Sala numer cztery była wściekle pomarańczowa, ale poza tym nie
można było się do niej przyczepić w żaden sposób. Terminu
naszego nie było, ale mogliśmy pogrymasić pomiędzy 13 maja a 23
września, gdybyśmy chcieli. Teraz sobie uświadomiłam, że miałam
do tygodnia czasu dać panu znać czy się decydujemy, ale
zapomniałam... cóż, może jakoś to przełknął i przestał czekać.

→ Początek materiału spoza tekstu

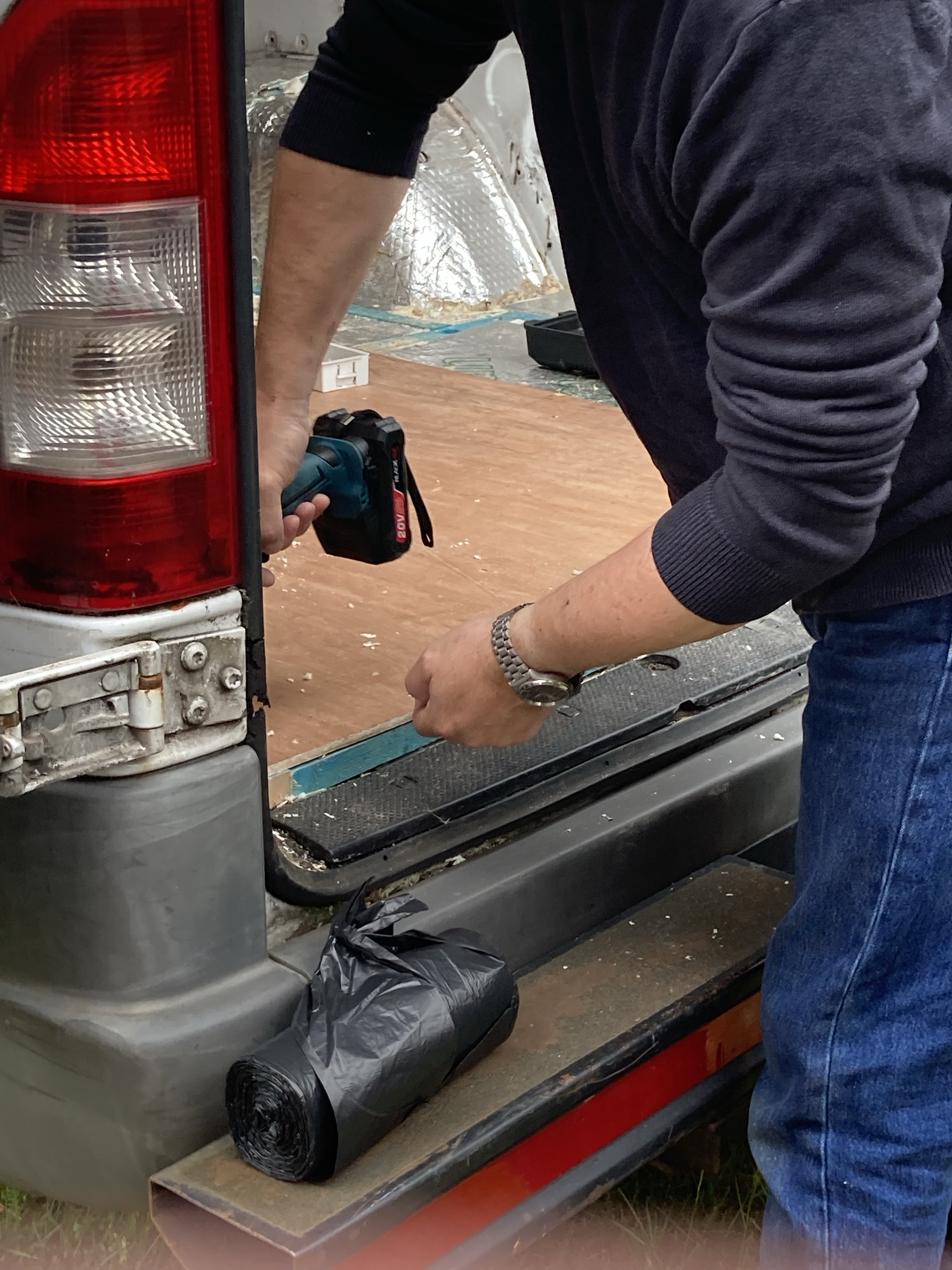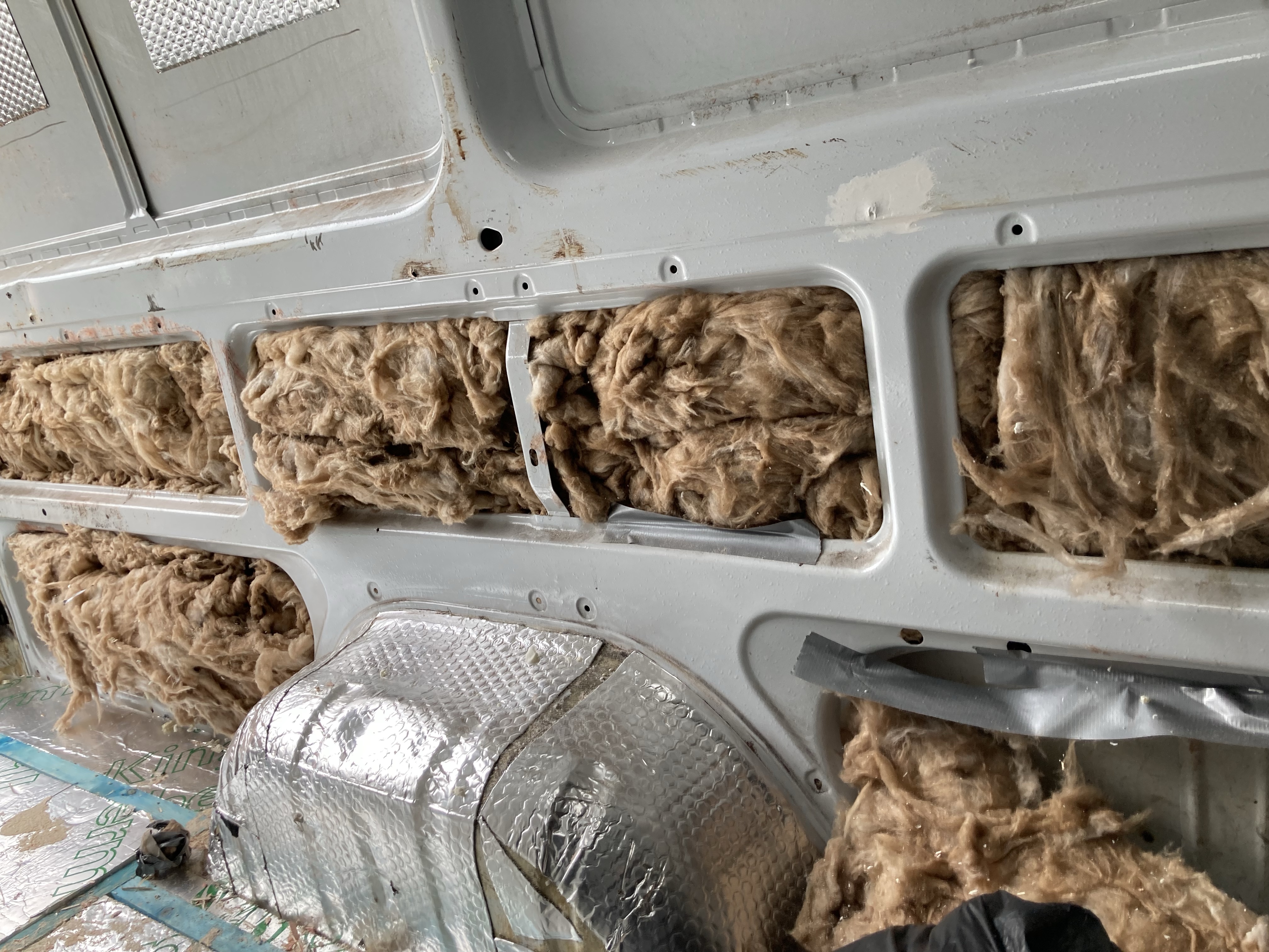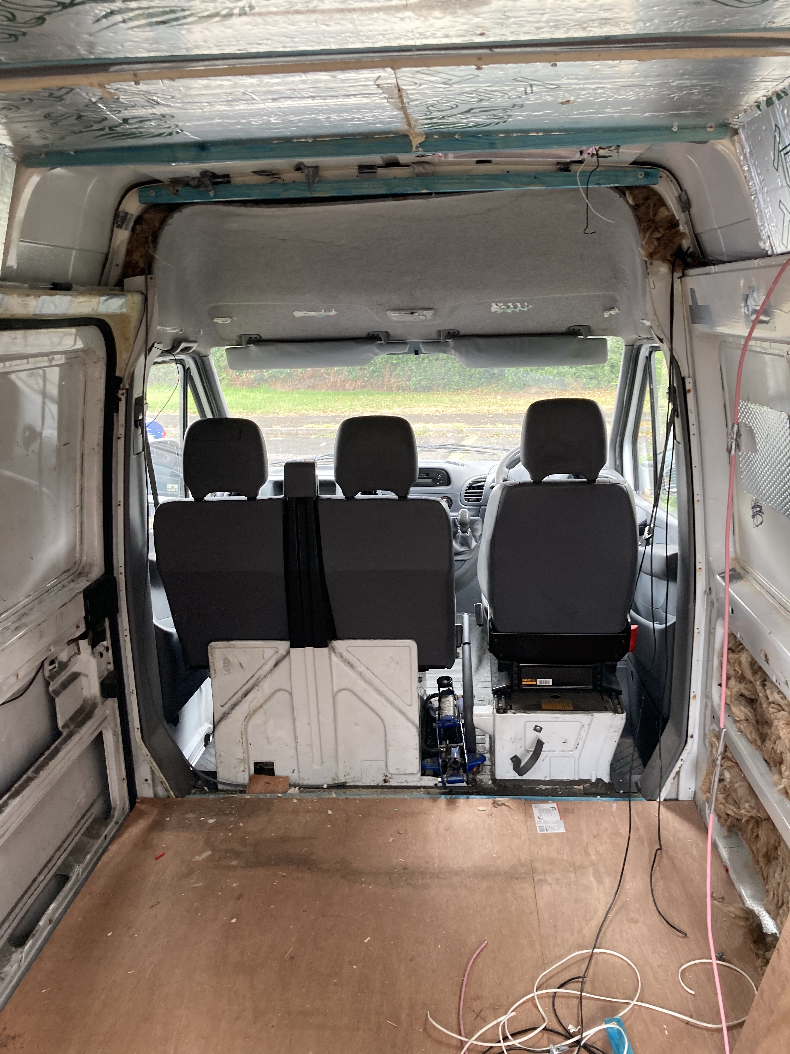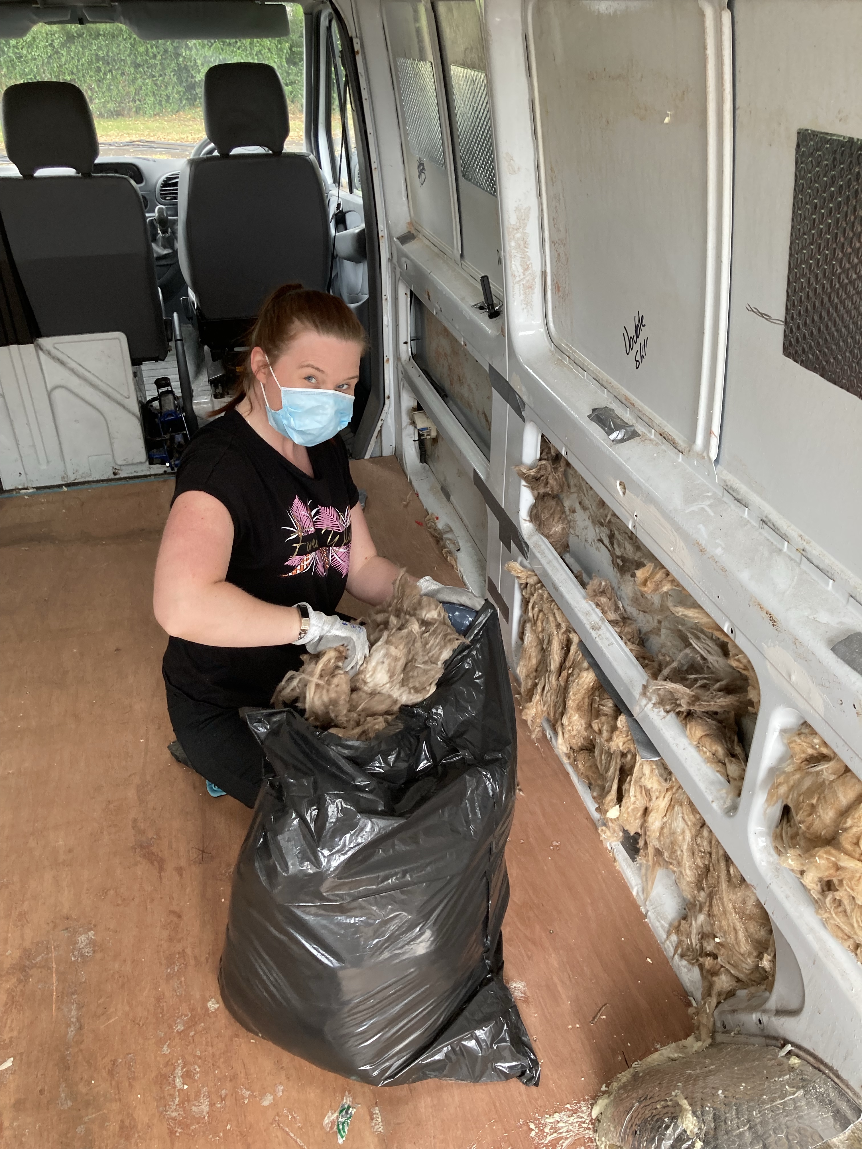 We started by taking out the panels and batons behind the drivers seats because we plan to have swivel chairs to be able to incorporate them into the seating. While removing the batons and insulation on the ceiling of the van, we realised that a lot of things were stuck with silicone and expanding foam, there was also duct tape everywhere. There was a lot of rust and bare metal, so we knew that it needed to be treated.

Ostatnia sala, numer pięć, to ta, którą wybraliśmy. Niestety
trzeba do niej kawałek jechać
(według mnie pół godziny,
według narzeczonego 15 minut), ale ma wszystko to, co chcieliśmy
– osobną salę do tańczenia i jedzenia
(bo nie cierpię jak w
całej sali, gdzie się je, czuć ludzki pot), przystępną cenę za
dużą ilość jedzenia
(150 złotych/osoba za dwudaniowy obiad,
deser, półmisek mięs pieczystych, dwie sałatki, trzy ciepłe
kolacje i cztery zimne przystawki), pokoje na górze, piękny ogród
z placem zabaw dla dzieci i dużo miejsca do tańczenia
(grzybek
połączony jest drzwiami z salą, gdzie się je, więc daleko
chodzić nie trzeba). Dodatkowo w cenie mamy dekorację sali
weselnej, przywitanie szampanem, chlebem i solą i inne takie typowe
„gratisy”.
Ah, zapomniałabym. Była jeszcze jedna sala, ale o niej nawet
wspominać nie chcę... na podłodze trzy rodzaje parkietu (każdy
położony w inną stronę), na wprost wejściowych drzwi ziała
wielka dziura w ścianie (która miała być chyba drzwiami, ale
zabrakło framugi) i gdzie łazienka była tak wąska i tak
masakryczna, że w spokoju wytrzymałabym całe wesele, byleby tylko
z niej nie korzystać. Spuśćmy na to zasłonę milczenia.
A teraz, kiedy już się uzewnętrzniłam, macie mi napisać, czy
takie wywody z przedślubnych przygotowań, pisane od czasu do czasu
(raz w miesiącu na przykład) przypadłyby wam do gustu? Bo jak nie
to po prostu was dodam do znajomych na Facebooku a potem usunę, żeby
było wam smutno i źle. Taki żart, nie bierzcie tego na poważnie.
Chyba....
I pochwalę się raz jeszcze moim prześlicznym pierścionkiem. Stwierdzam, że skoro po pół roku nadal mi się podoba, to musi być naprawdę wyjątkowy. Bo mało co tak długo wzbudza we mnie zachwyt.